Recorded data section start
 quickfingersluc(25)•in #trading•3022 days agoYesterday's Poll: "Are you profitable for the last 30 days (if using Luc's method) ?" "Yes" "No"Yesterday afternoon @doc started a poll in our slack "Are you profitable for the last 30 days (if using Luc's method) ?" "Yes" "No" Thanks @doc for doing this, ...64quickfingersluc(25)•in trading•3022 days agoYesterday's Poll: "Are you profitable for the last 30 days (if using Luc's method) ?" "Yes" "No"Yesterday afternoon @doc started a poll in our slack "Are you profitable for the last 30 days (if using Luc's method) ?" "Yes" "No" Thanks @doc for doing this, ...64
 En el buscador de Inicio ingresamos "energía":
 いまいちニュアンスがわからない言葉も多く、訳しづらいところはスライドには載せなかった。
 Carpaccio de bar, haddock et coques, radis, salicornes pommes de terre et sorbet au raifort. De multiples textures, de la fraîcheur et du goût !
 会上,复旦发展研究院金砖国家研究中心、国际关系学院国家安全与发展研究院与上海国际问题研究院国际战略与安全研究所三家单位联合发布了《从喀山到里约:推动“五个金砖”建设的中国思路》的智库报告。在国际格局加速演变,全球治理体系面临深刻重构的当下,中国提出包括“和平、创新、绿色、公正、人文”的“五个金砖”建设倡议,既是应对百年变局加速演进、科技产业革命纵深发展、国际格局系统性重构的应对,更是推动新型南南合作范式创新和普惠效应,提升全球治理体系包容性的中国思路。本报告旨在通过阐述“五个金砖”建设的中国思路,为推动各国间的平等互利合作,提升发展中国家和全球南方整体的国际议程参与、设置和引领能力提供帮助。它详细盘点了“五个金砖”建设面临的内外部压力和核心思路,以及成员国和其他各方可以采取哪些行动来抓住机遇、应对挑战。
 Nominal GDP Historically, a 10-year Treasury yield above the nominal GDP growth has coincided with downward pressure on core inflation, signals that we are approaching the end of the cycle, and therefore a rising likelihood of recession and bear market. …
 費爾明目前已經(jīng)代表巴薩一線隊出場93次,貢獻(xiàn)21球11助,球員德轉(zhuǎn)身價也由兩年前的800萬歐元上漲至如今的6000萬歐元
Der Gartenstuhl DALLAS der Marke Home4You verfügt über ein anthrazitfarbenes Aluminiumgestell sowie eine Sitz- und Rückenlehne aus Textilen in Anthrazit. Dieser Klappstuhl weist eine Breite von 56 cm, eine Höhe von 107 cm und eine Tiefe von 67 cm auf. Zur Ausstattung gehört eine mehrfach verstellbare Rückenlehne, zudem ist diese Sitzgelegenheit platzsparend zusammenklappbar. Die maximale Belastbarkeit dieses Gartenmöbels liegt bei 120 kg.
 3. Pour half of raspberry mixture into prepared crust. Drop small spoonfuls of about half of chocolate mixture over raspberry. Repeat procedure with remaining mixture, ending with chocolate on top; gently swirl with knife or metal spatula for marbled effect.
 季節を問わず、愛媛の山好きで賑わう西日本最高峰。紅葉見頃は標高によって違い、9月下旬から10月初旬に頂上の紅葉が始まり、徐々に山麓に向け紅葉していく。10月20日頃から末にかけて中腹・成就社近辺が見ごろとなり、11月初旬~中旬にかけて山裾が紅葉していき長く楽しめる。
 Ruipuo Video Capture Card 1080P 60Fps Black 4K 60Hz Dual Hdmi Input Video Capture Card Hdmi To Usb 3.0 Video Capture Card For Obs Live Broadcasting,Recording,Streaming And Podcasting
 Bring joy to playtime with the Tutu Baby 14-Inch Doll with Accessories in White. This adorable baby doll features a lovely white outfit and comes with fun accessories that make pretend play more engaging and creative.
Recorded data section end
* [Work required]
From the listing above, pick out every line containing "that".

* [Task result]
 Nominal GDP Historically, a 10-year Treasury yield above the nominal GDP growth has coincided with downward pressure on core inflation, signals that we are approaching the end of the cycle, and therefore a rising likelihood of recession and bear market. …
 Bring joy to playtime with the Tutu Baby 14-Inch Doll with Accessories in White. This adorable baby doll features a lovely white outfit and comes with fun accessories that make pretend play more engaging and creative.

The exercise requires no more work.